Gonna hafta argue this one, Hammermaus.

From my years of experience as Patriarch in various houses of young people, I have learned that you cannot save someone that does not want to save their own self. Keeping someone from the accountability that results from their actions only encourages them to take such actions again in the future. You have to let someone deal with the results of the decisions they make. An unaccountable person is powerless, is childish, is almost not a person at all but an animal with remarkable communication skills and personal hygiene (sometimes).

Now there is a scale to this. I am not an Anarchist and I strongly believe in Law (Lawbringer is one of the Four Roles of the Patriarch). There are things people should not be allowed to do, but try to interfere as little as possible, and when you do, make sure it is with great effect. If you're going to save a guy from jumping off a bridge, you'd better make sure he doesn't think it's a good idea in the future. If getting in his head and showing him what the world would be like if he were never born isn't an option, and most of the time it isn't, then maybe beating the snot out of him then and there will create the appropriate association.

Anything you get for free, even protection or salvation, will be regarded as having no worth, this is a tenant of human behavior.
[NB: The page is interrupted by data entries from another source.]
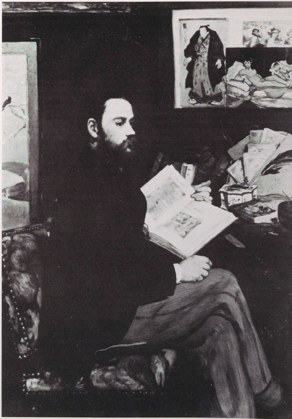
Figure 1 Édouard Manet. Portrait of Zola , 1868. Louvre, Paris.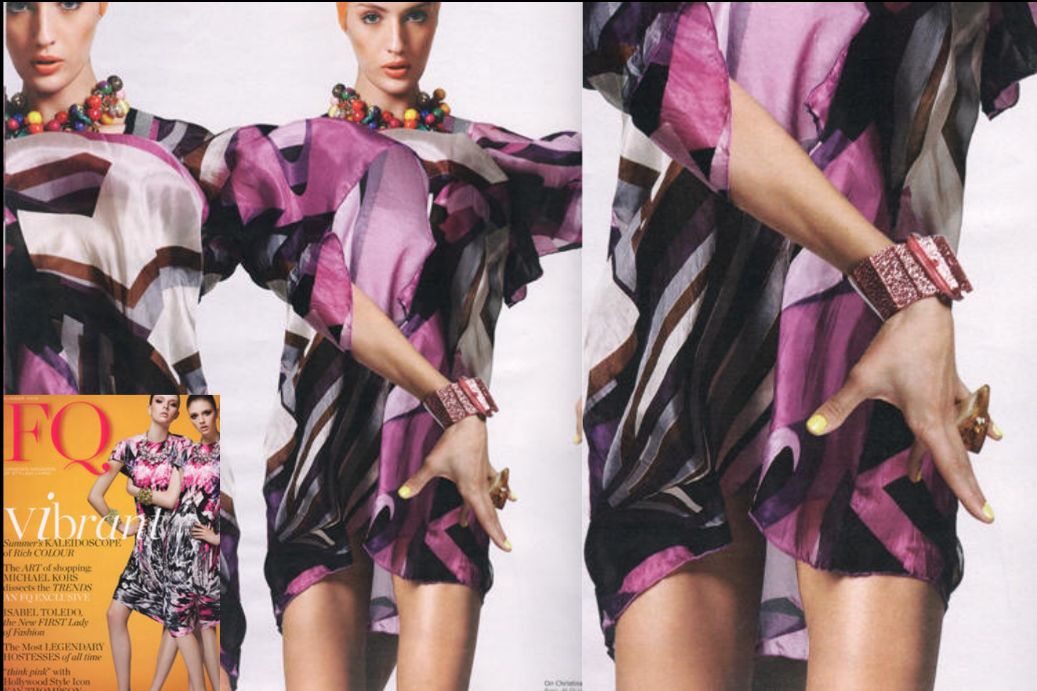
Publication: FQ magazine Issue: Summer 2009 Feature: KALEIDOSCOPE OF COLOUR – oversized amber ring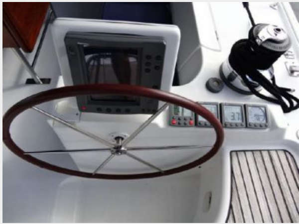
Starboard Helm With Large Plotter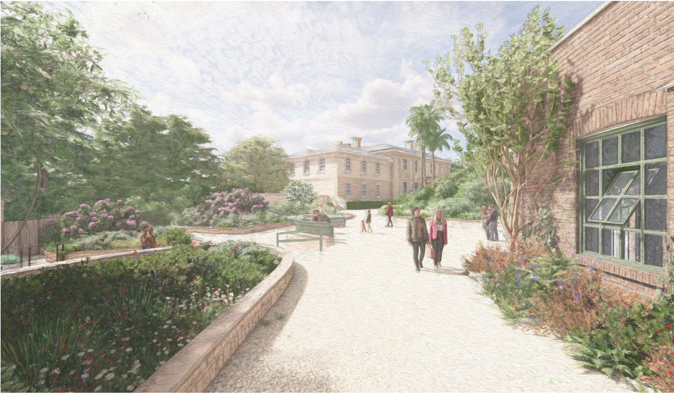
Visual of the view from Stable Lane

The overall proposal will offer a fresh experience and understanding of the Leonardslee Estate whilst enhancing its special historic significance.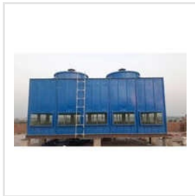
FRP Induced Draft Cooling Tower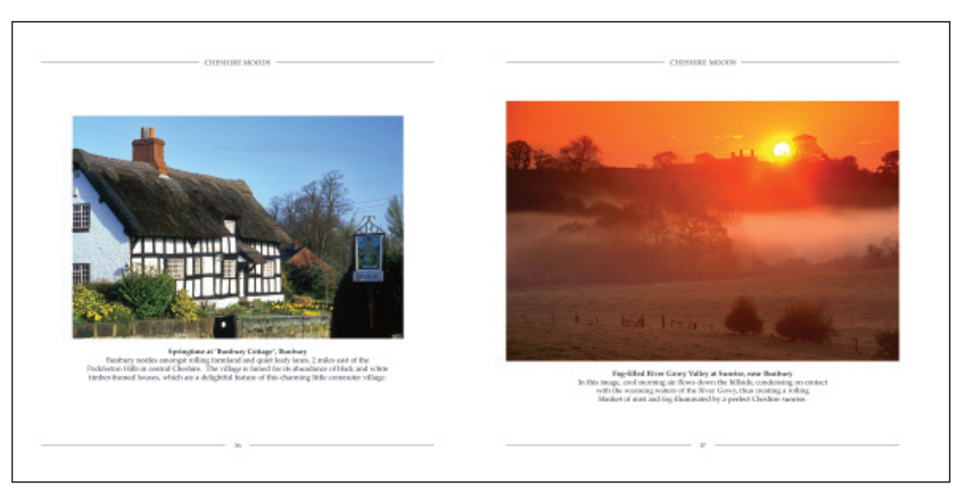
Example of a double page spread.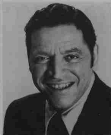
Fats Waller "Jr."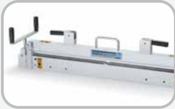
845LD Belt Cutter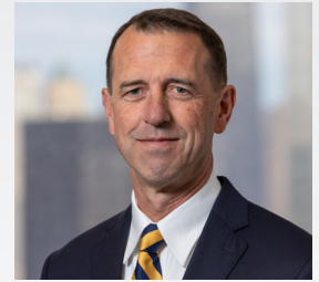
Admiral John Richardson U.S. Navy, Ret.; 31st Chief of Naval Operations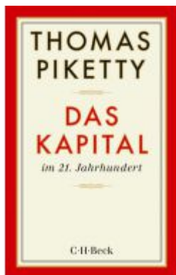
Das Kapital im 21. Jahrhundert Ladenpreis: 20,60EUR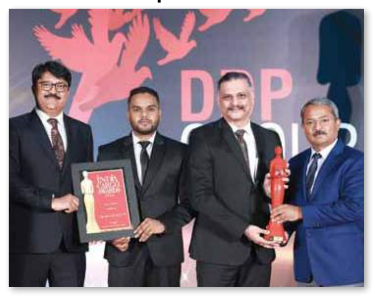
Cargo Service Center India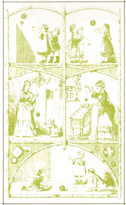
Froebel intended the first gift, the ball, to be used in the nursery.

The second gift came in a long box in which were a sphere, a cube, a cylinder, and rods and standards. We used to twirl these objects around. Just demonstrate them. The gifts that the children really started with were

This is why 'givers' are so unappreciated in relationships. This is why every religion requires something of its followers to receive the rewards religion offers: sacrifice of possessions (livestock, property, children, money, whatever), discipline of behavior (everything from a vow of silence to "Thou Shalt Not Kill"), and so on. Even the most 'grace focused' of Christian Denominations, who may even believe in 'Security of the Believer' ("Once saved always saved" no matter what you do), need a small offering of will, requiring the supplicant to admit his/her flawed state and inability to apply correction.

Leave people to their own business because you will not always be there to 'solve' their problems.

[ July 18, 2003, 13:17: Message edited by: Loser ]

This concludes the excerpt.